● **TO DO**: Below is a listing. Return the lines from the one that contains "控制面板\程序\程序和功能\启用或关闭Windows功能 ----> 开启" to the one that contains "Round neck bubble", both ends included, verbatim and with no pictures.

● **INPUT MATERIAL**:
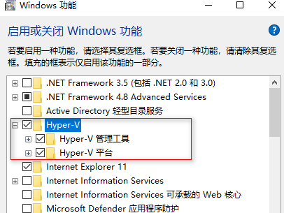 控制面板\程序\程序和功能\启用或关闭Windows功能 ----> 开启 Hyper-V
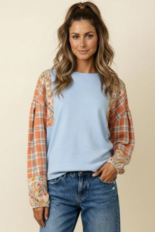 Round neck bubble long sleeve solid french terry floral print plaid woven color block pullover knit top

---

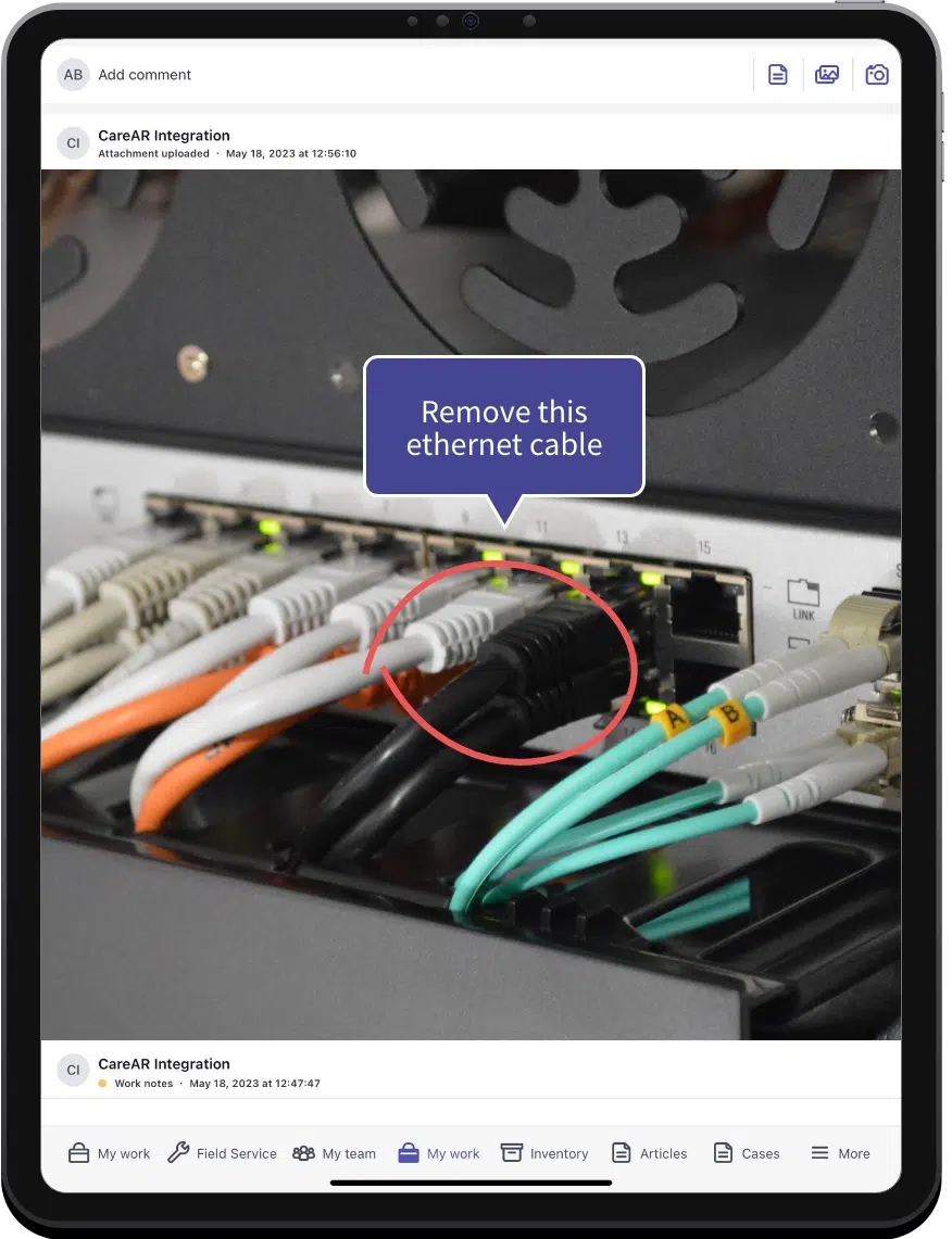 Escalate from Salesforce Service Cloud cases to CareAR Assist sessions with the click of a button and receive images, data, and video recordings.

● **ANSWER TO THIS TASK**:
 控制面板\程序\程序和功能\启用或关闭Windows功能 ----> 开启 Hyper-V
 Round neck bubble long sleeve solid french terry floral print plaid woven color block pullover knit top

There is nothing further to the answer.